Потому что потом все в его жизни переменилось. Почему, зачем — он так и не понял до сих пор. Ему минуло одиннадцать, когда они с матерью уехали из родной деревни. Быстро собрались — и уехали. Сестра, незадолго до этого вышедшая замуж, растерянная, заплаканная, прощалась с ними так, как будто они расставались навсегда. А с братом, учившимся в танковом училище, Юрген вообще больше никогда не виделся. Они приехали в Москву и через несколько дней двинулись дальше. Никаких деталей этого путешествия в памяти не осталось — впечатлений он наелся до отвала еще на первой стадии. Он был подавлен скоропалительным отъездом, обескуражен быстро сменяющимися станциями и городами, растерян от скопища незнакомых людей вокруг и пуще всего боялся потеряться. Он ни на шаг не отходил от матери и даже в поезде все время сидел с ней рядом, уткнувшись лицом в ее жакетку.

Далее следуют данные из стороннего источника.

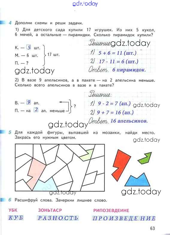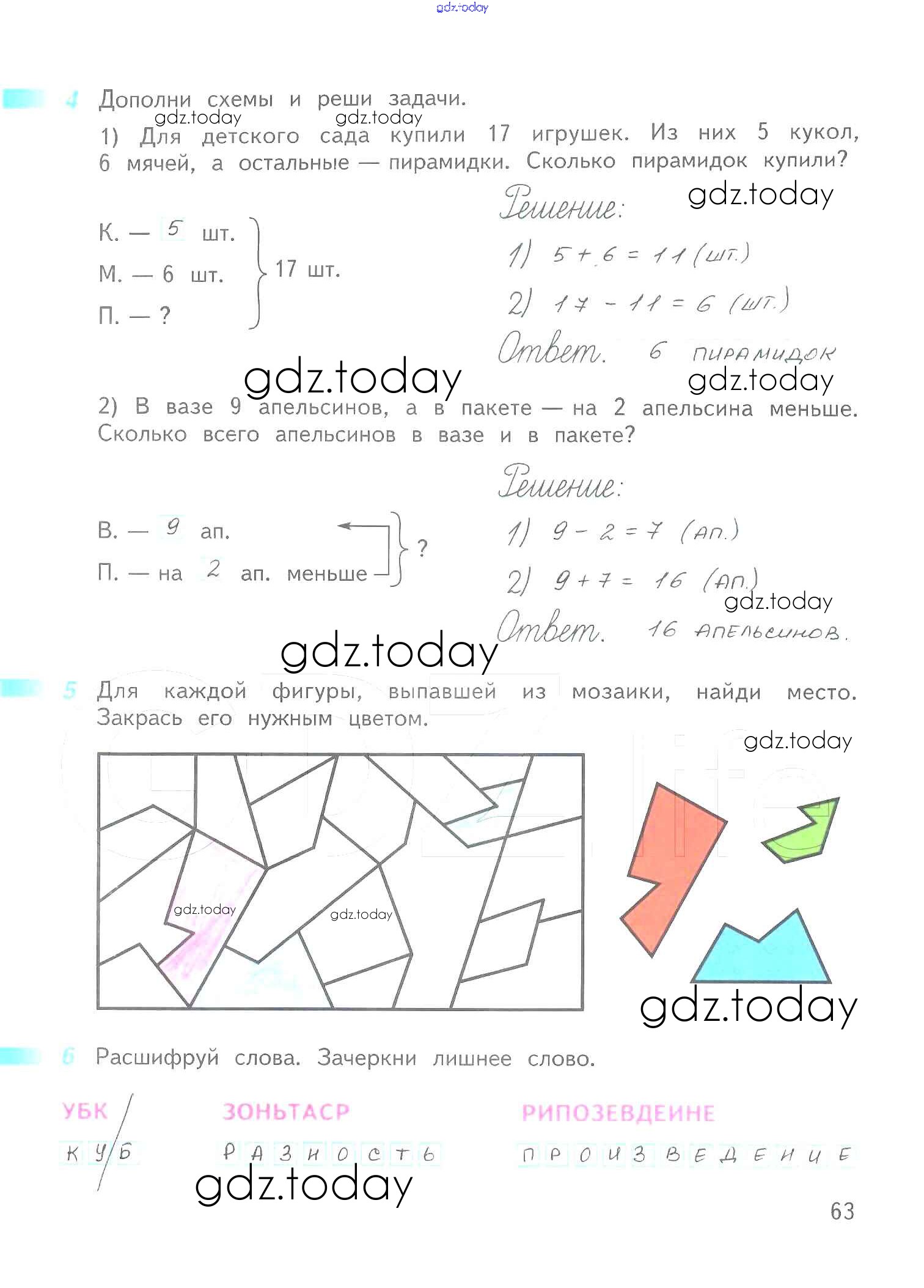 Ответы к Решение к части 1. Страницы 63 Рабочей тетради по Математике для 2 класса Дорофеев, Миракова Просвещение Перспектива 2015
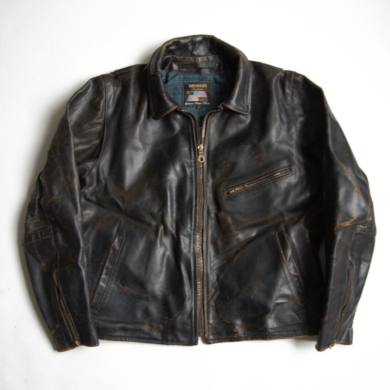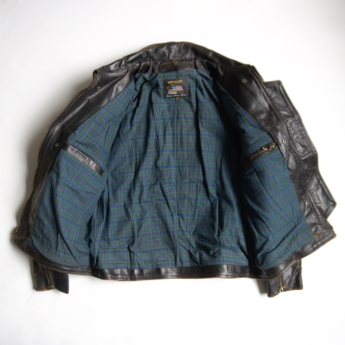 【ホースハイド/ビッグサイズ】 VANSON 【ENF エンフィールド シングルライダースジャケット】44 レザー USA製 バンソン 25120605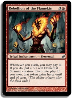Whenever you clash, you may pay 1. If you do, put a 3/1 red Elemental Shaman creature token into play. If you won, that token gains haste until end of turn. (This ability triggers after the clash ends.)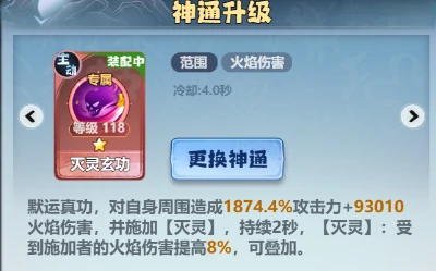 主动神通“荡陨灭尽”伤害随阳灼层数提升而增强,是元婴期后凌霄核心输出技能。战斗开始,配合核心神通自带25层阳灼效果,该技能按基础伤害×层数×140%计算,有巨额伤害加成,爆发惊人。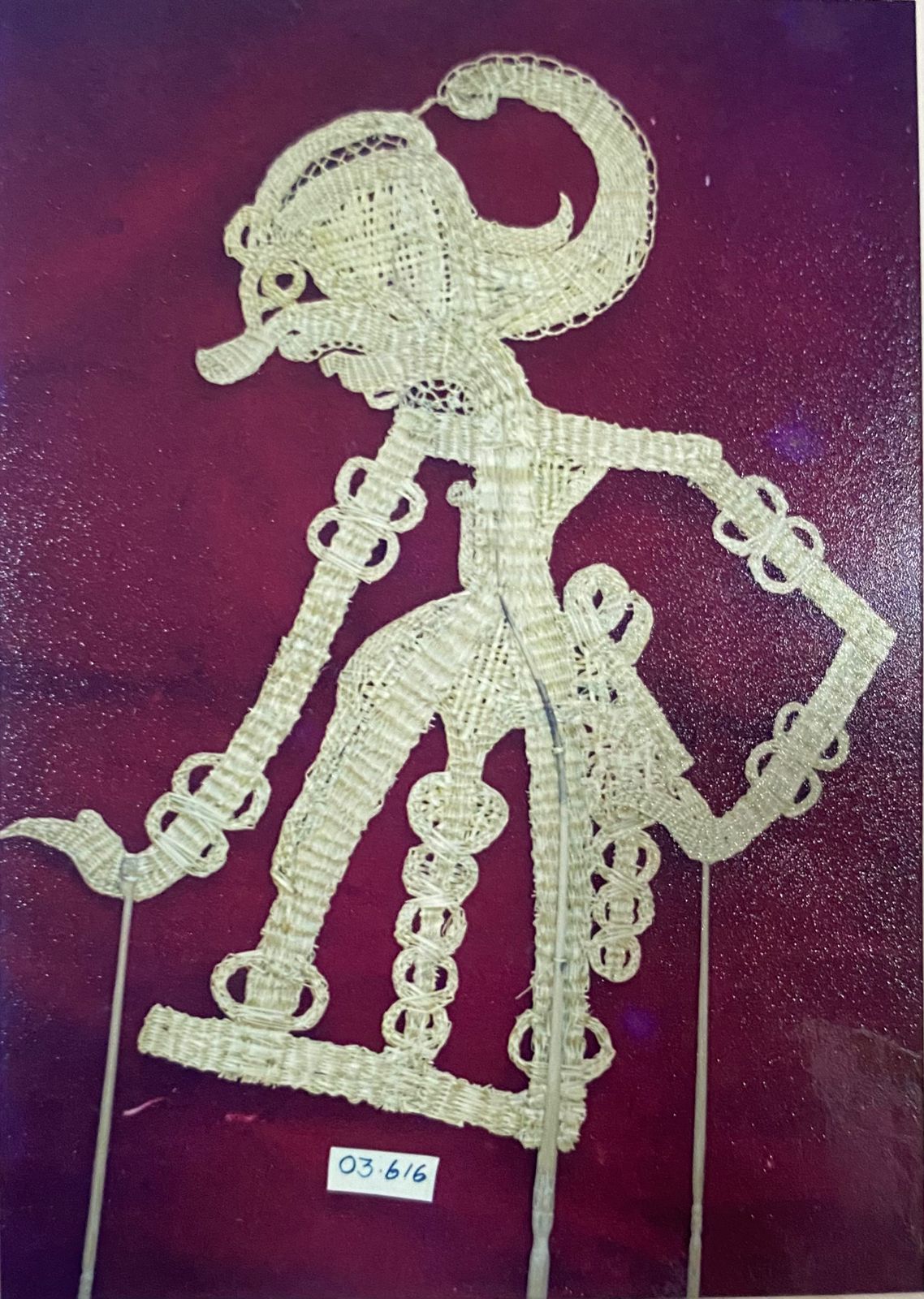 Dibuat dari bahan rumput "Kasuran" sejenis rumput yang ulet. Bentuk anyaman ini menggambarkan Tokoh Wayang Werkudoro, merupakan ciptaan Pak Gepak berasal dari Desa Bantar Barong, Kecamatan Rembang, Kabupaten Purbalingga. Untuk menyelesaikan satu tokoh wayang membutuhkan waktu 3-4 malam, pekerjaannya diawali dari bagian hidung dilanjutkan ke bagian lain. Motif anyaman bervariasi bentuk silang, diagonal, spiral, tikar, gedek, sarang lebah dan kelabang.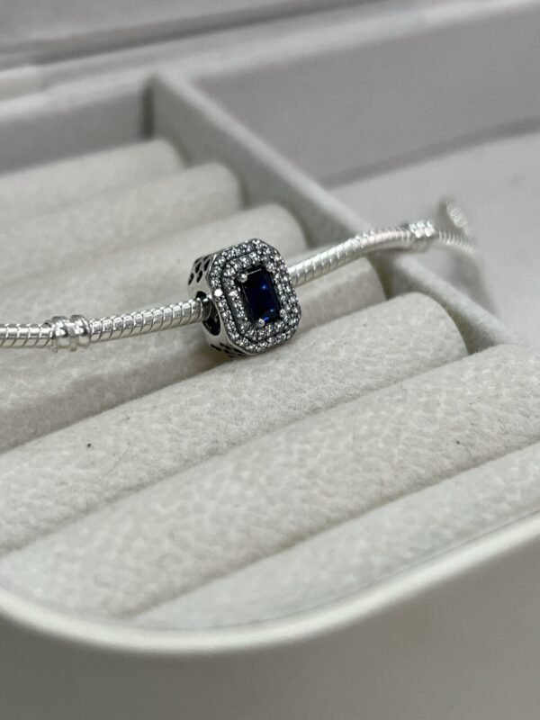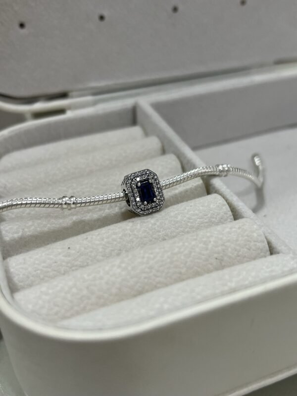 Feito em Prata de Lei, este berloque combina uma pedra central azul marinho e várias zirconias ao redor , trazendo sofisticação e brilho à sua pulseira.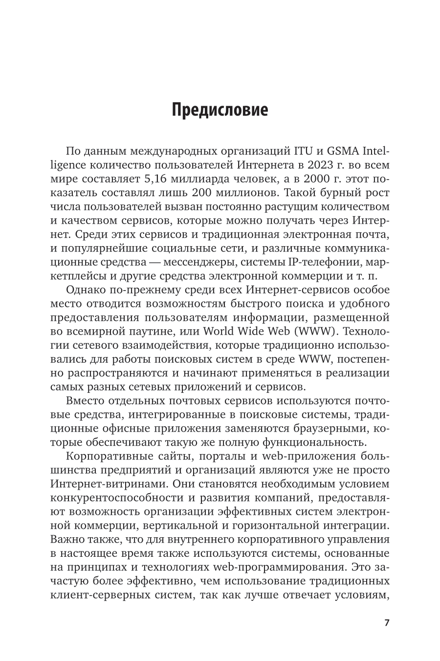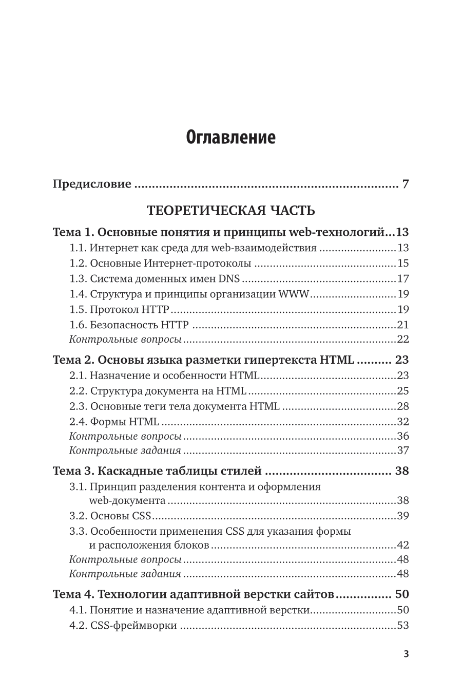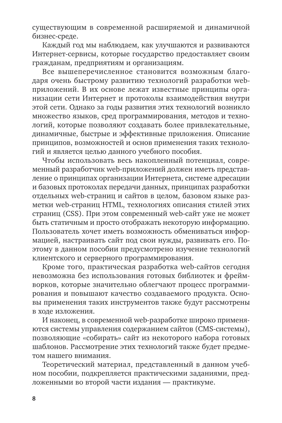 Курс содержит теоретический материал и комплект практических работ, позволяющих изучить современные подходы, технологии и инструменты, используемые при разработке web-приложений. Среди них: принципы организации сети Интернет; базовый язык разметки web-страниц HTML, технологии описания стилей этих страниц СSS; технологии браузерного программирования на основе языка JavaScript, современные средства адаптивной верстки сайтов; основные принципы, технологии и инструментальные средства серверной обработки запросов и хранения информации web-приложений. В курсе рассмотрены возможности библиотек программ и фреймворков описанных языков программирования, а также кратко излагаются основы применения CMS-систем. Соответствует актуальным требованиям Федерального государственного образовательного стандарта высшего образования. Издание адресовано студентам высших учебных заведений, обучающимся по ИТ-направлениям.

Более или менее пришел в себя он в польском городе Гданьске. Все вокруг было чужим, незнакомым — город, люди, язык, даже отец, который встретил их на вокзале. И сам он предстал каким-то незнакомцем — в больших вокзальных окнах отражался запуганный, угрюмый, смотревший исподлобья мальчик, с ног до головы обряженный в чужую одежду, добротную, но не новую. Все, что напоминало о прежней жизни, было безжалостно выкинуто еще в Москве. Остались только воспоминания. Но и на них отец с матерью наложили жесткую узду: никогда и никому! А то плохо будет, и ему, и им, отцу с матерью. Так он поневоле стал малообщителен и скрытен.